-- PROMPT --
An exact copy is required of the lines running from the one that contains "Double Take Full" to the end of the material, both ends included, with pictures omitted.

** Opening PROVIDED DATA block **

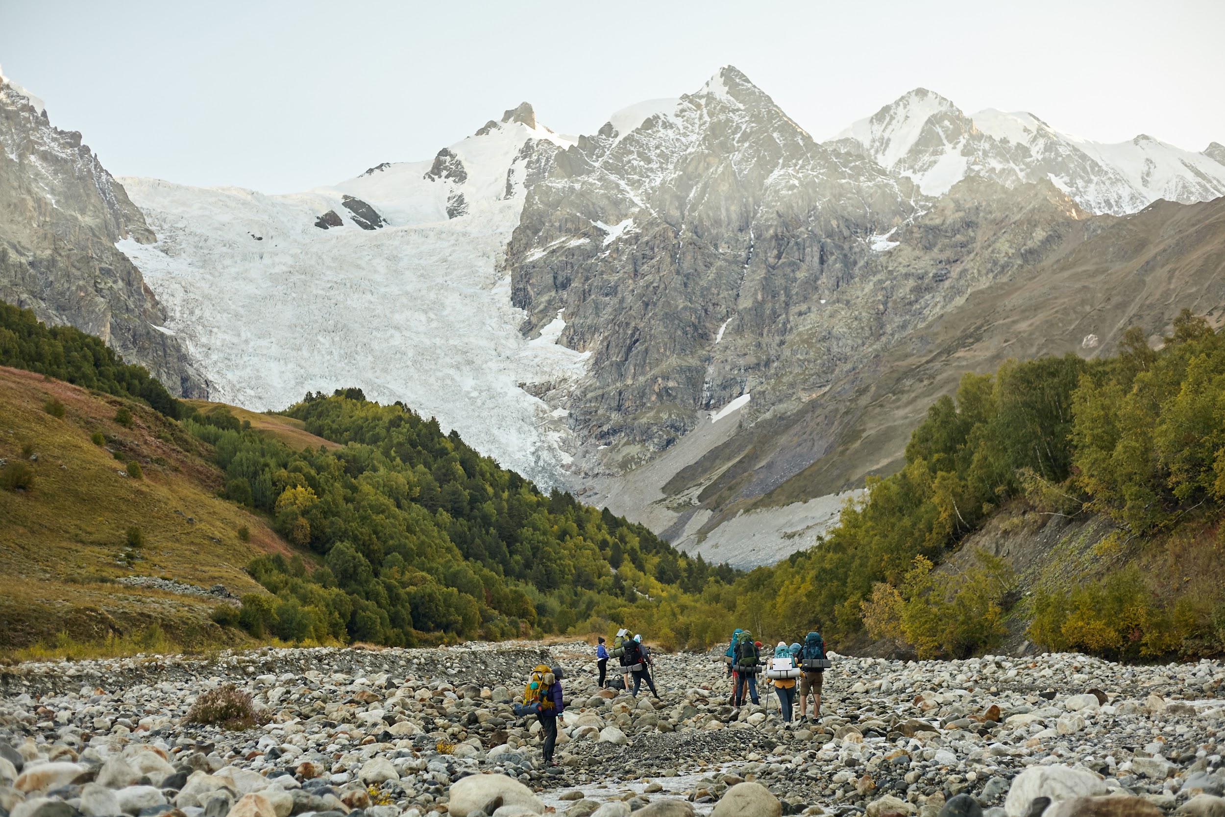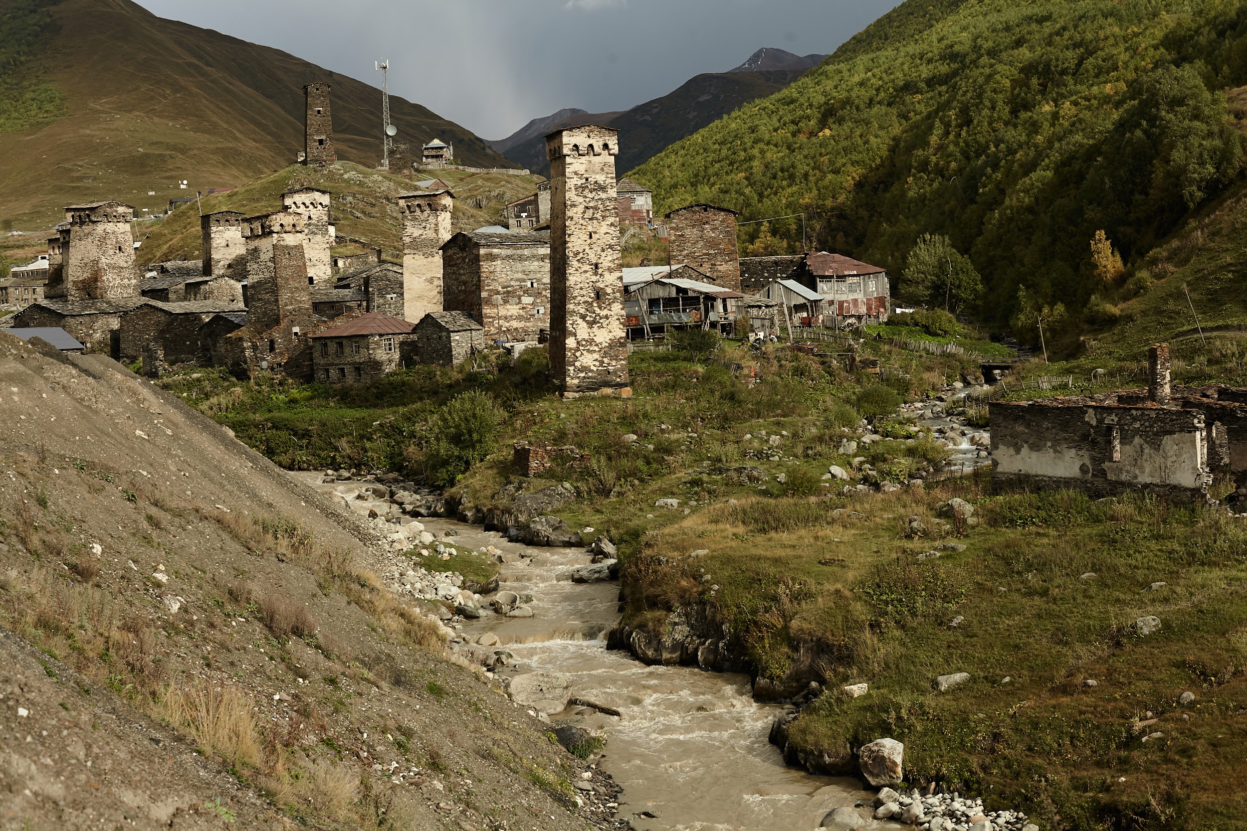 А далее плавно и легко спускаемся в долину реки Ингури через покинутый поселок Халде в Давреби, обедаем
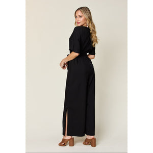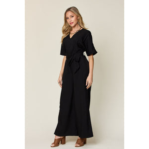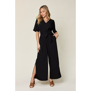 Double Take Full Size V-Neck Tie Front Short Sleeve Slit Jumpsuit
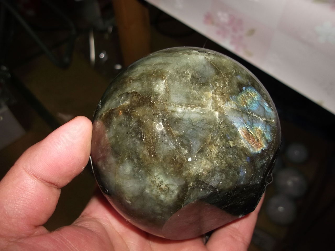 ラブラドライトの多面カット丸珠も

** Closing PROVIDED DATA block **

-- TASK SOLUTION --
 Double Take Full Size V-Neck Tie Front Short Sleeve Slit Jumpsuit
 ラブラドライトの多面カット丸珠も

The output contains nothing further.